I’ve always been against canceling student debt. My main argument has been that it benefits the affluent more than the poor. After accounting for the value of an education and the effects of student debt relief programs, a Brookings Institution analysis found that the wealthiest 20 percent of households owe almost a third of all student debt. The bottom 20 percent owe only 8 percent.
Anybody with a degree already owns an incredibly valuable resource — a college education. Adults with a bachelor’s degree generally earn about $1 million more over their career than people with just high school degrees.
Plus, forgiving student debt is exorbitant. As Adam Looney of the Brookings Institution has pointed out, widespread student loan forgiveness would rank among the largest transfer programs in American history. And plans to forgive all federal loans would cost more than was spent from 2000 to 2019 on unemployment insurance, the earned-income tax credit or food stamps — programs that actually go to those in need.
Debt forgiveness sends terrible cultural signals. This nation is already bitterly divided along educational lines. Today’s populists are rightly angry that college-educated Americans have built a society that’s pretty sweet for them and their kids, and pretty rough for everybody else. Student loan forgiveness would be seen as just another example of the educated class taking care of its own — and leaving everyone else to eat dust.
All this is still mostly true. Yet I confess I’ve been having some second thoughts. I guess I’ve concluded that it’s wrong to generalize as if there is a single group called “college grads.” In reality, we have at least two different classes of college students and college grads. One group is secure students and grads — those who came from middle-class homes and have some resources as they go from campus into adulthood.
The other group is the precarious students and grads. Over the past few decades, America has done a much better job of getting less-affluent students through high school and into college. These folks are seizing the chance to make the big leap into the middle class, but they have few resources and no margin for error as they make that leap.
Some come to college academically unprepared. They accrue debt but can’t graduate. Others have a “life happens” moment. Maybe a parent gets sick, and they have to quit school to support the family. Some attended subpar colleges that, they discover later, did nothing to make them more valuable in the marketplace.
These precarious students and grads are trying to make the leap at a historically difficult moment. The financial crisis and Covid pummeled young adult career trajectories. Education and real estate prices have soared. By the time the boomers hit a median age of 35, their generation owned 22 percent of the nation’s wealth. Millennials — who will hit a median age of 35 in 2023 — own about 6 percent of the nation’s wealth.

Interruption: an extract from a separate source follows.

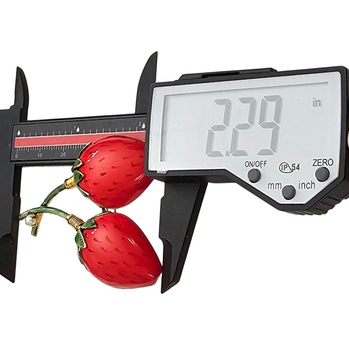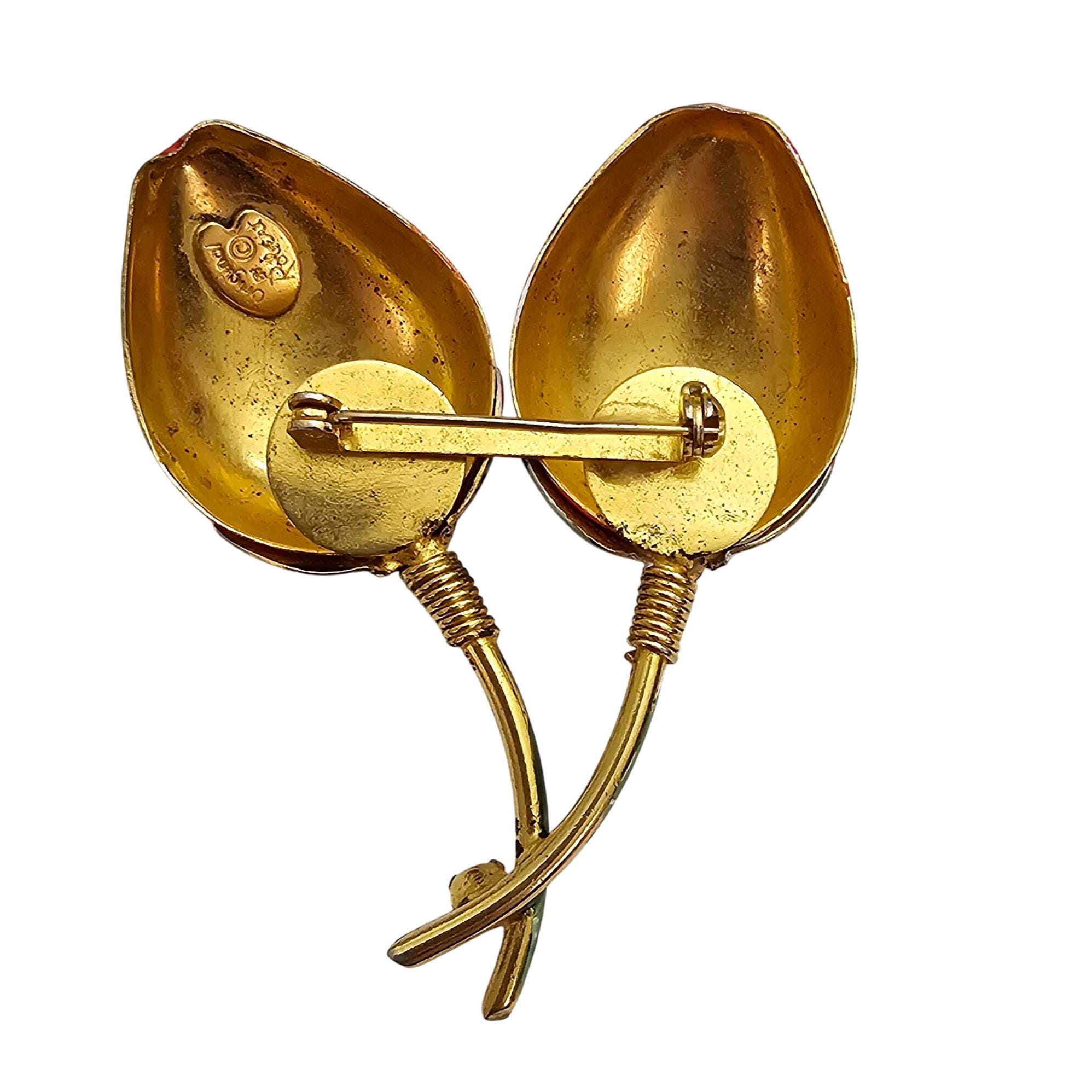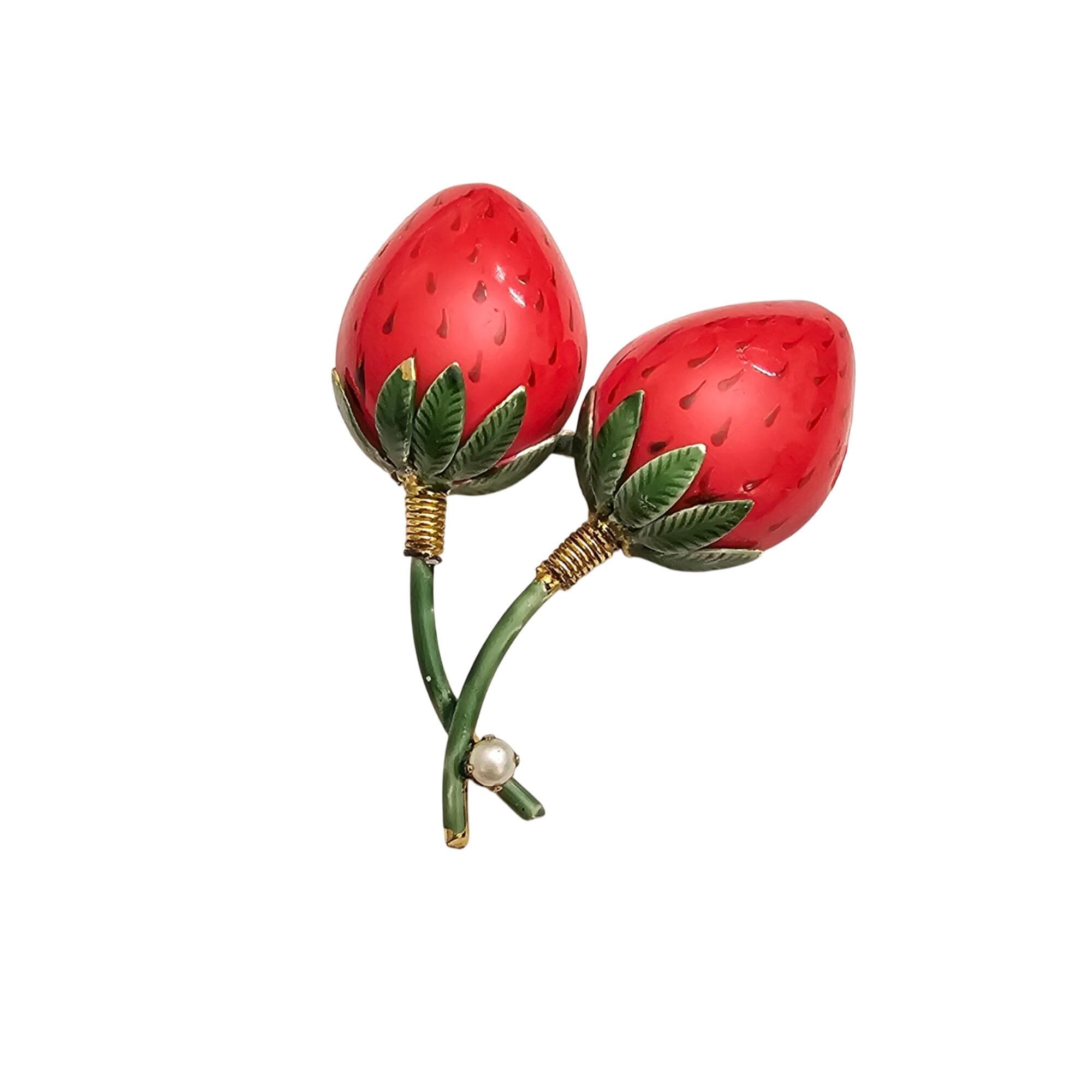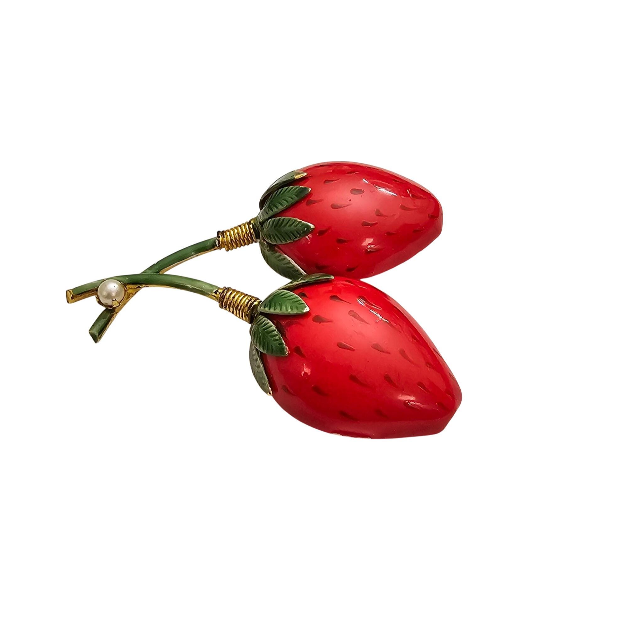 Original By Robert Red Green Enamel Strawberries Brooch Signed, J463

These precarious students and grads did what we wanted them to do — leap for social mobility. But many now owe more than they have in wealth. Laura Beamer and Eduard Nilaj of the Jain Family Institute found that, in 2019, student debt-to-income ratios were at 98 percent for the lowest income decile of America. This means that the median income for this group exceeded the median student debt burden by less than $700.
Conditions are especially dire for African Americans. According to a 2016 Brookings report, the average Black graduate owes $52,726 four years after graduation, compared with $28,006 for the average white graduate. Black borrowers are also much more likely to be behind on their payments.
For many of these young adults, the debt burden changes their psychology and behavior. Many suffer from the severe anxiety of feeling buried under a relentless weight. It’s been difficult for them to move to opportunity, buy a home, start a business, have a kid — all the things we want young adults to be doing to ensure a dynamic and prosperous America.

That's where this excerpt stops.